La tempête exceptionnelle qu’a connue la région pose la question du bois-énergie comme débouché pour les arbres abattus.
La forêt landaise représente 60 % de toute la surface de la forêt française. Les dégâts sont donc considérables et il est encore trop tôt pour mesurer exactement l’étendue des dommages, mais selon les coopératives du Sud-Ouest, on peut chiffrer la superficie des pins atteints entre 200 000 à 300 000 hectares.
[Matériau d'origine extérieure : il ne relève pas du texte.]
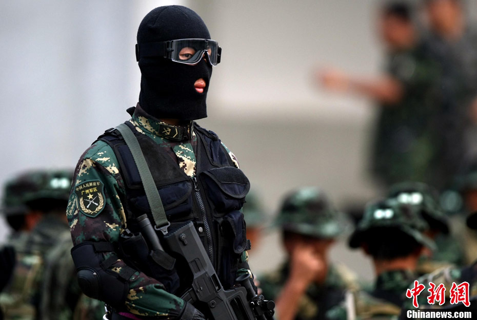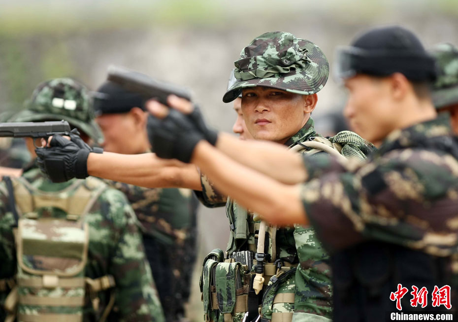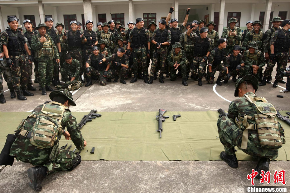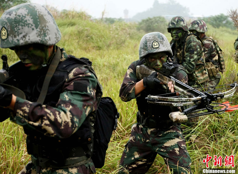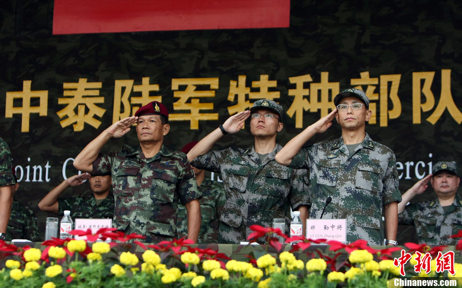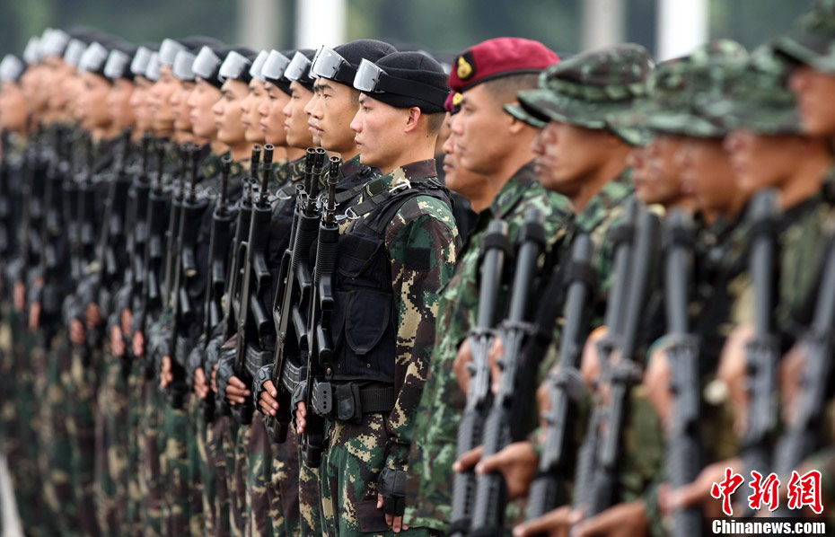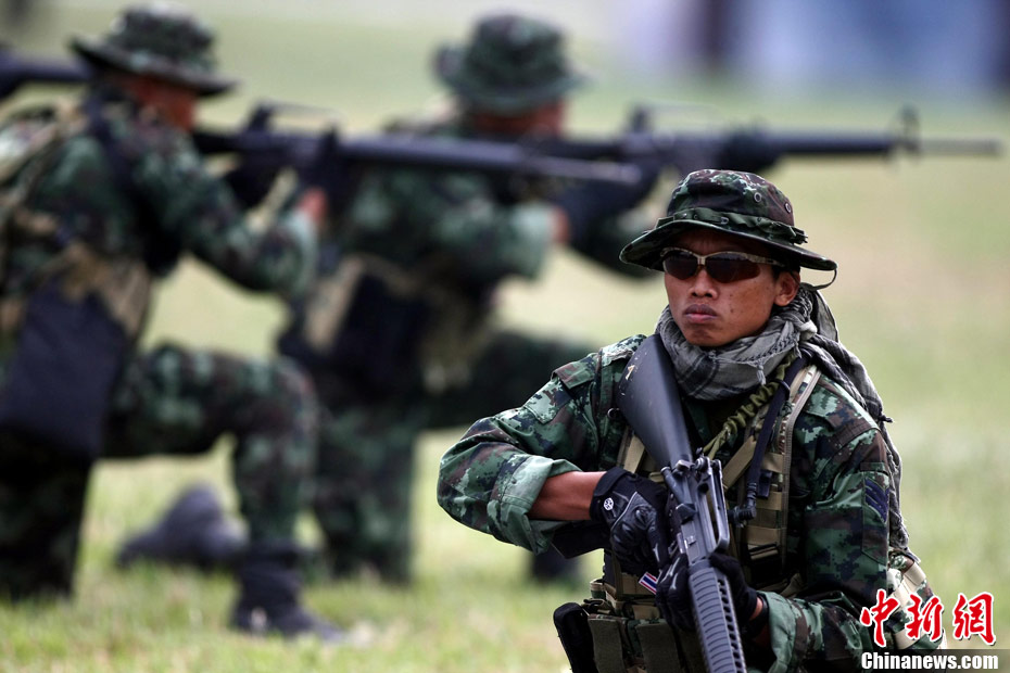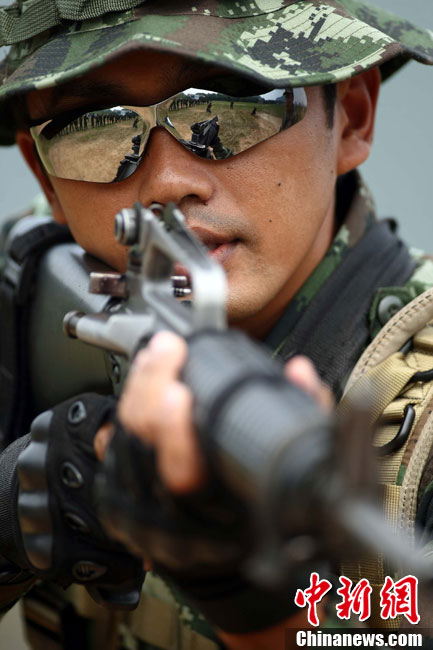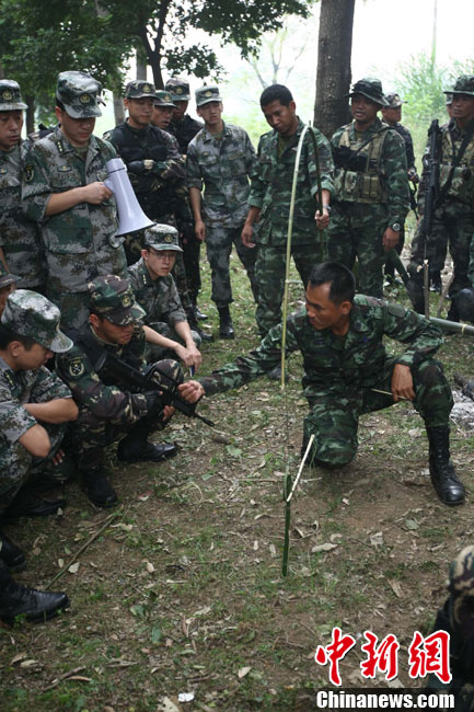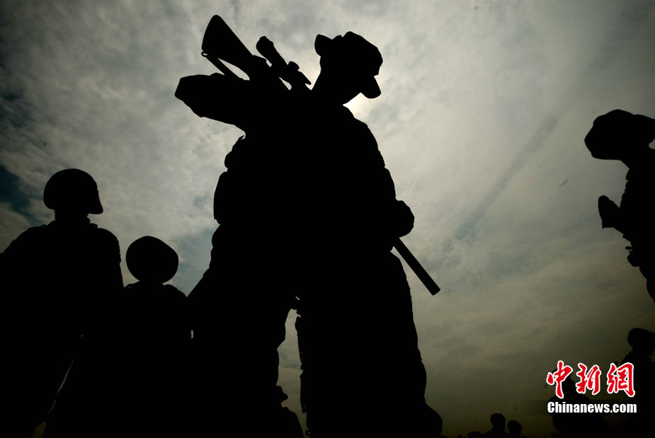 10月8日,中国、泰国两军特种部队“突击—2010”反恐联合训练在广西桂林拉开帷幕,这是两国之间举行的第三次陆军联合训练。分析人士指出,这次联训将进一步巩固两军关系,提高联合反恐作战能力,利于维护地区和平稳定。此次联训为期15天,这是中泰两国陆军首次就城市反恐课题开展联训。图为中国参训部队在开幕式上表演房屋突击。中新社记者 杜洋 摄

Le dernier sinistre de décembre 1999 avait jeté à terre près de 40 000 ha de la forêt champardennaise, soit 8 millions de m3 de bois.
Les exploitants vont donc se retrouver avec au moins 5 fois ce volume, soit au minimum 40 millions de m3 de bois à écouler.
Mais les débouchés concernant les résineux du Sud Ouest, comme matériau de construction sont moins évidents que lors de la tempête de 1999. Ce marché, notamment du fait de la crise immobilière qui sévit en Espagne, n’est pas en très grande forme.
On peut donc estimer que les particuliers vont profiter d’un bois moins cher. Pour toutes les formes que peut prendre aujourd’hui le bois énergie, que ce soit en bûchettes, en granulés ou briquettes.
Si un stère de bûches coûte de 50 à 80 €, le prix dépend aussi du type de bois, de ses essences et du degré d’humidité.
Autant de critères qui seront à prendre en compte lors de l’arrivée du bois landais sur le marché.